**To do:** Using the data that follows, output only the lines from the line with "Natura morta con vaso di fiori e nautilus" up to and including the line with "Car Detailing Kit: Disposable", exactly, leaving pictures aside.

**Material provided:**
....................

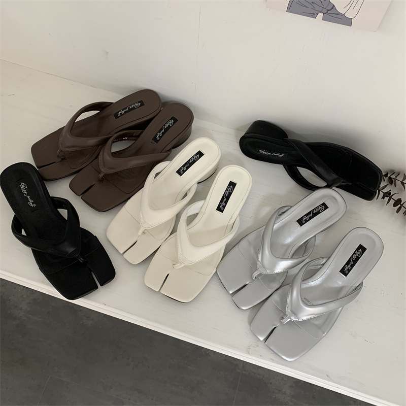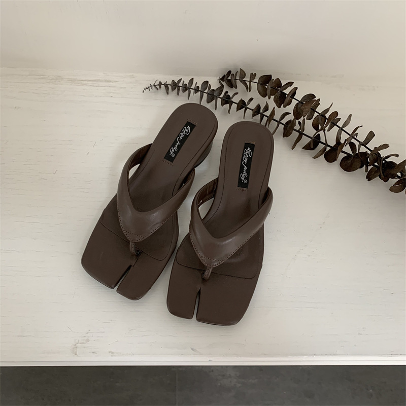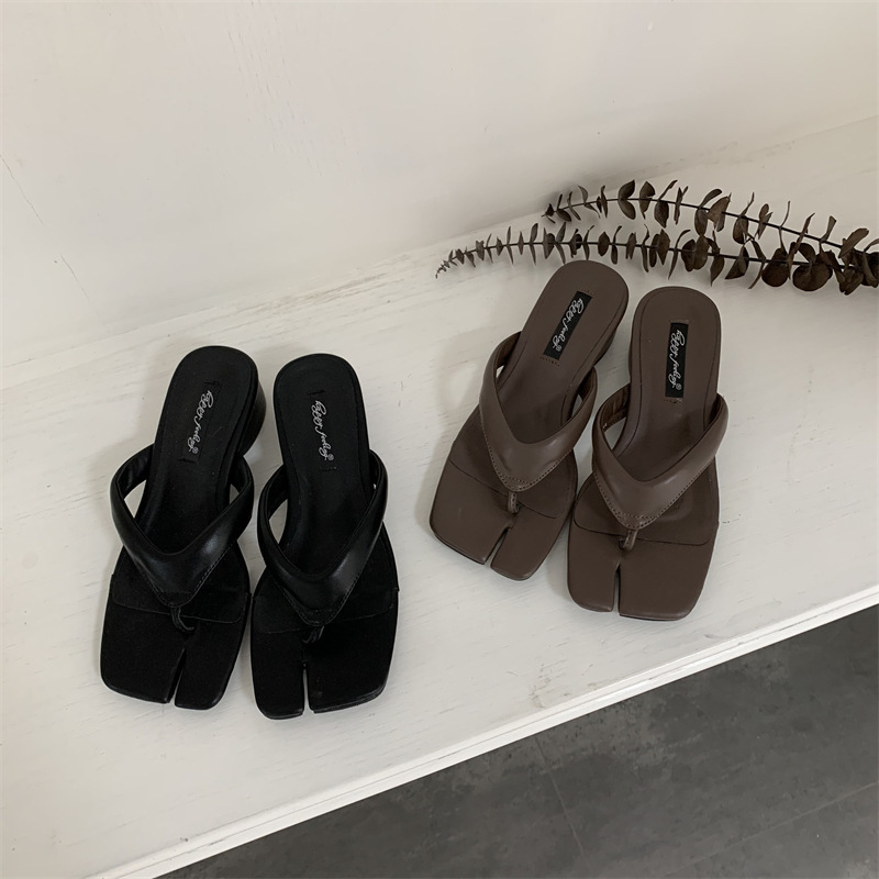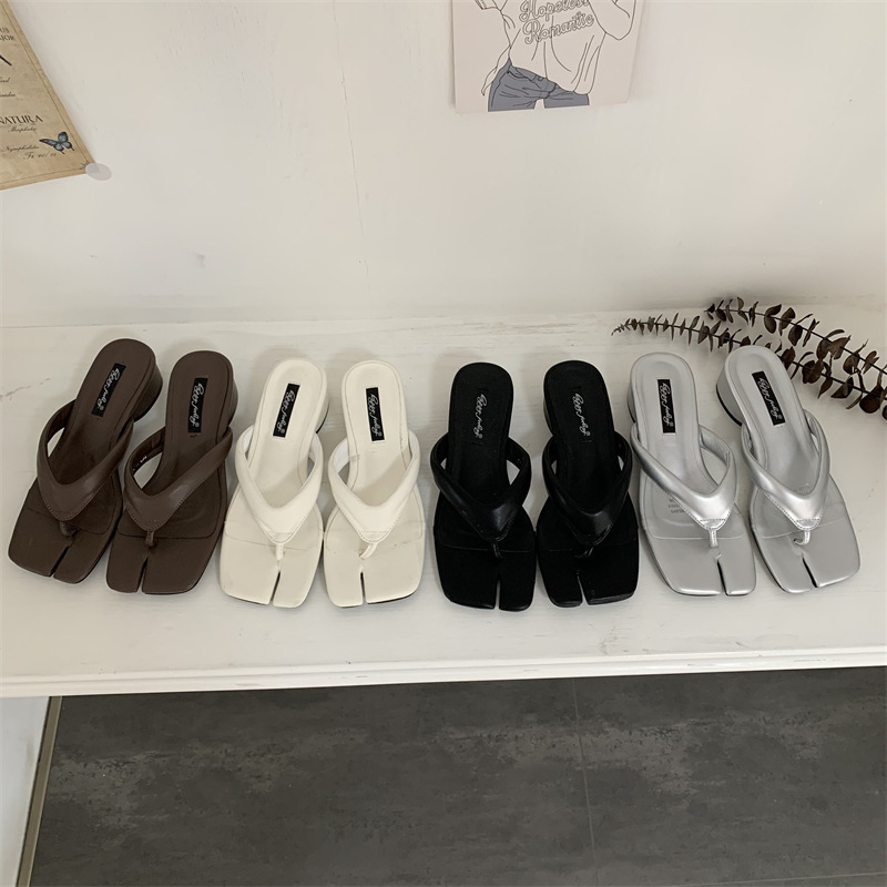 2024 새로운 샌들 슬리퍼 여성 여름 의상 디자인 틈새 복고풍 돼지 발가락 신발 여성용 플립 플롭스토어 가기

....................

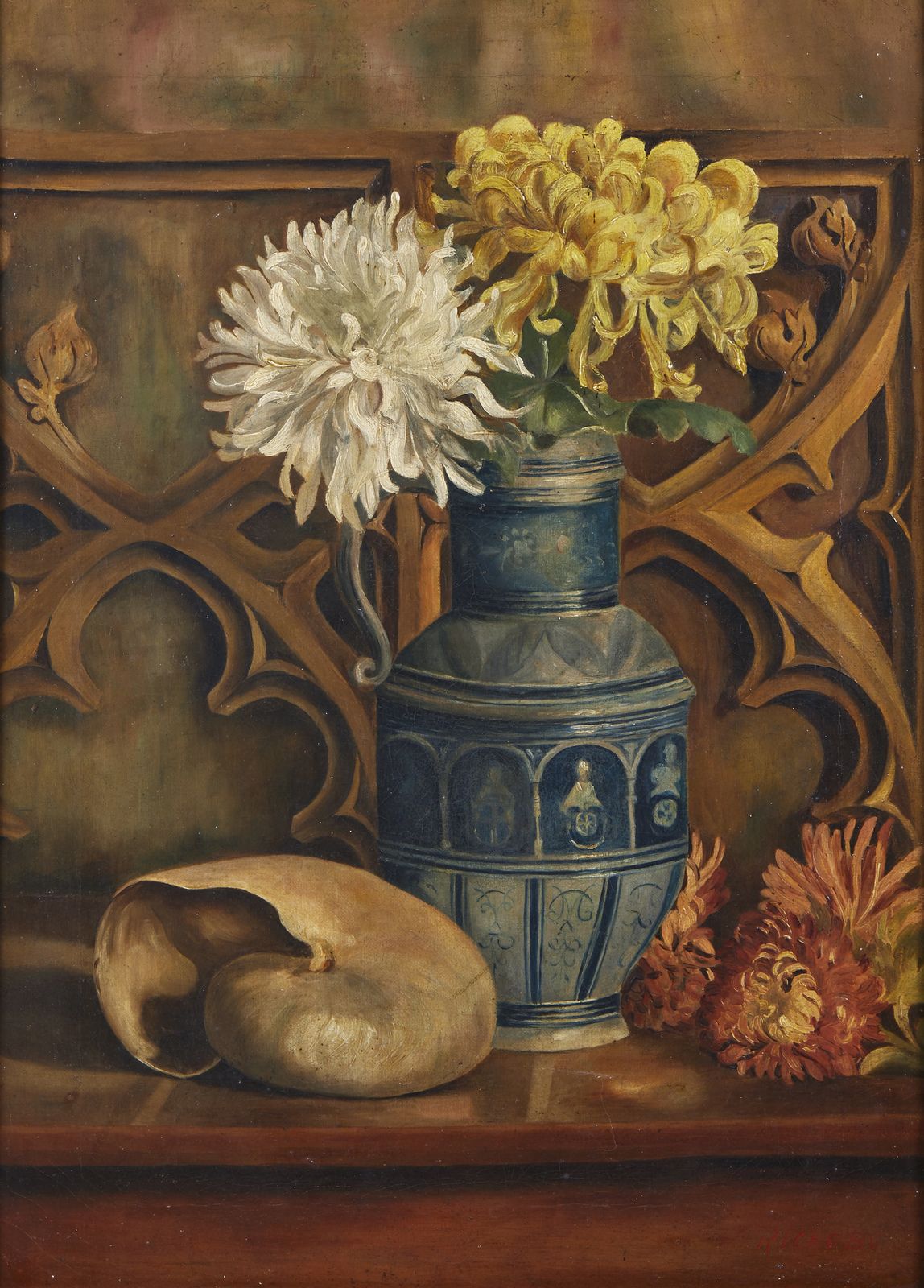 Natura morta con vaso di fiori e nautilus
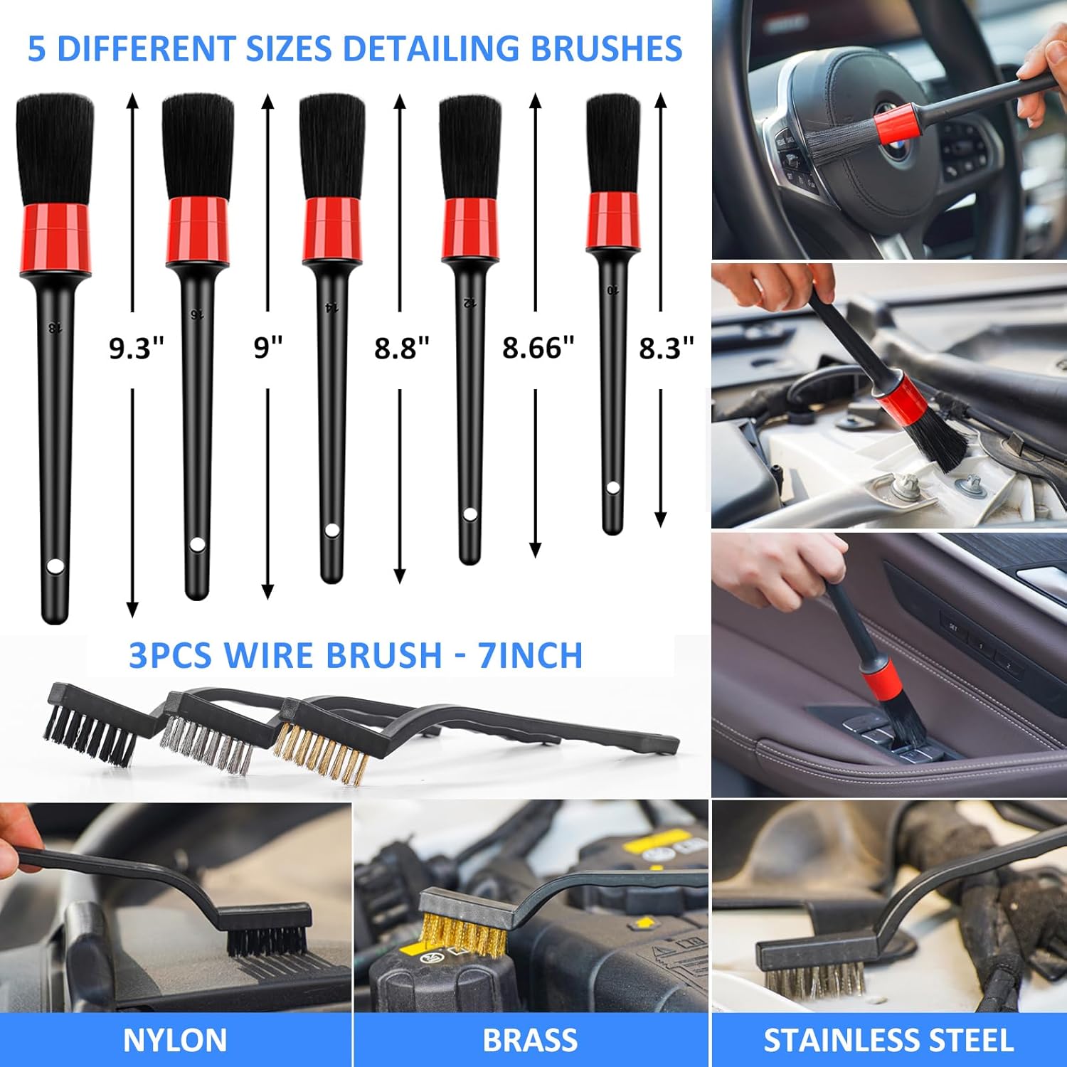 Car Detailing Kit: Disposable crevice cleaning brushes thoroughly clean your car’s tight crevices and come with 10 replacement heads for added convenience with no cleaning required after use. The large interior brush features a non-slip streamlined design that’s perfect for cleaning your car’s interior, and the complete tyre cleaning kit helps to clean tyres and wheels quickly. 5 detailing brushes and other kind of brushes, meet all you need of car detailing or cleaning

....................

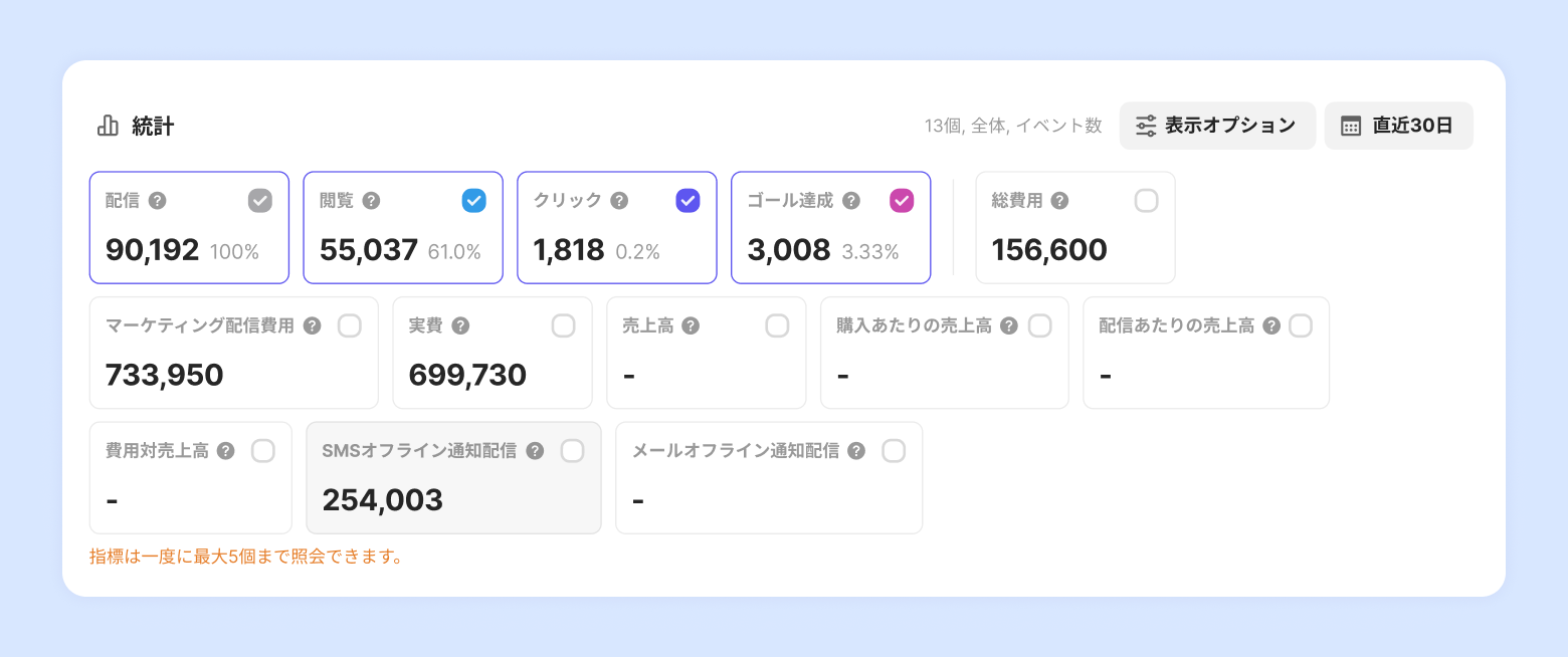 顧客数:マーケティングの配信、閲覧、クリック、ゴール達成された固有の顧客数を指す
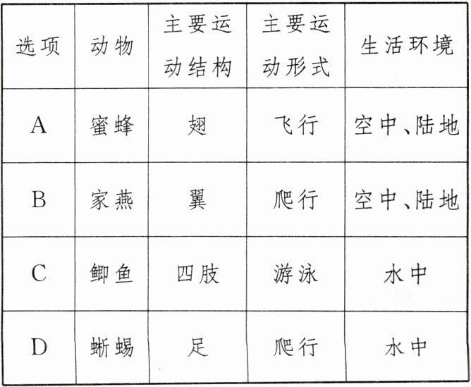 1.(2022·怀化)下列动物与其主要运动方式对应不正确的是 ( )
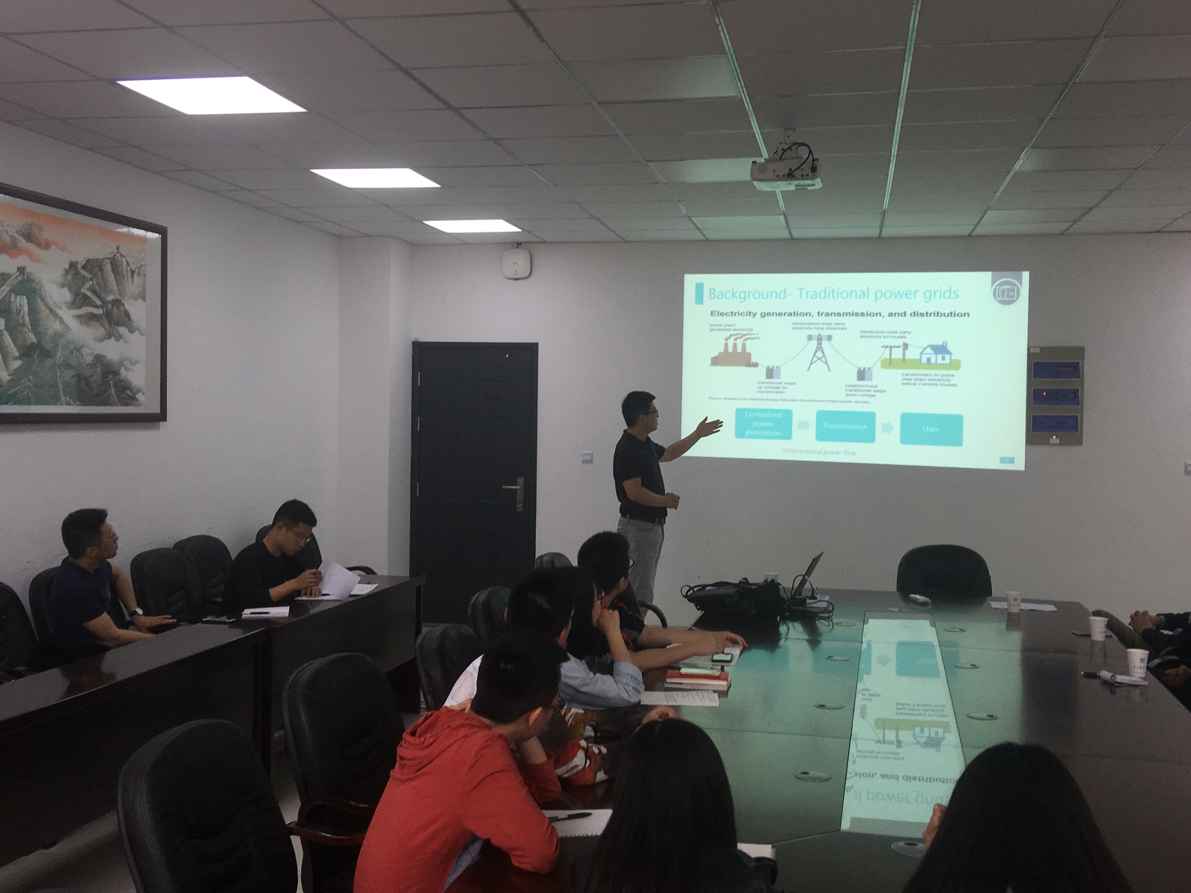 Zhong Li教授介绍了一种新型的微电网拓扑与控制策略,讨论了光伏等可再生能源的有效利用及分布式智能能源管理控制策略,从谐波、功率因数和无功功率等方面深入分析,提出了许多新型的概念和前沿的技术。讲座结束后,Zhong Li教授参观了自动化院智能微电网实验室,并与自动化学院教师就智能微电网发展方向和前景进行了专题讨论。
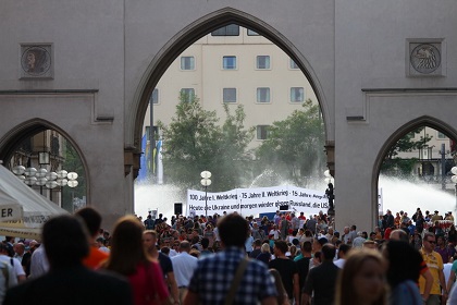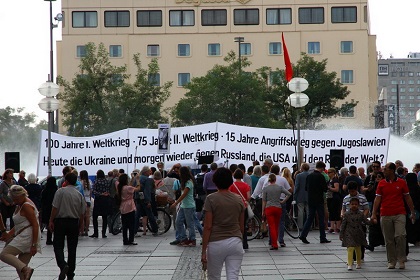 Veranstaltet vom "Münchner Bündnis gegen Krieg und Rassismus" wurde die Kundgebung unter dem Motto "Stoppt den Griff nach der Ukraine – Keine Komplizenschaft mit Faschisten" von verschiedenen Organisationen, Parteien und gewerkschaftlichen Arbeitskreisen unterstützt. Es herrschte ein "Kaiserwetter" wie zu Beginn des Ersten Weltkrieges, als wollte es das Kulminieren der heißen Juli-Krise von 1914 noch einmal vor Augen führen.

....................

**Exercise output:**
 Natura morta con vaso di fiori e nautilus
 Car Detailing Kit: Disposable crevice cleaning brushes thoroughly clean your car’s tight crevices and come with 10 replacement heads for added convenience with no cleaning required after use. The large interior brush features a non-slip streamlined design that’s perfect for cleaning your car’s interior, and the complete tyre cleaning kit helps to clean tyres and wheels quickly. 5 detailing brushes and other kind of brushes, meet all you need of car detailing or cleaning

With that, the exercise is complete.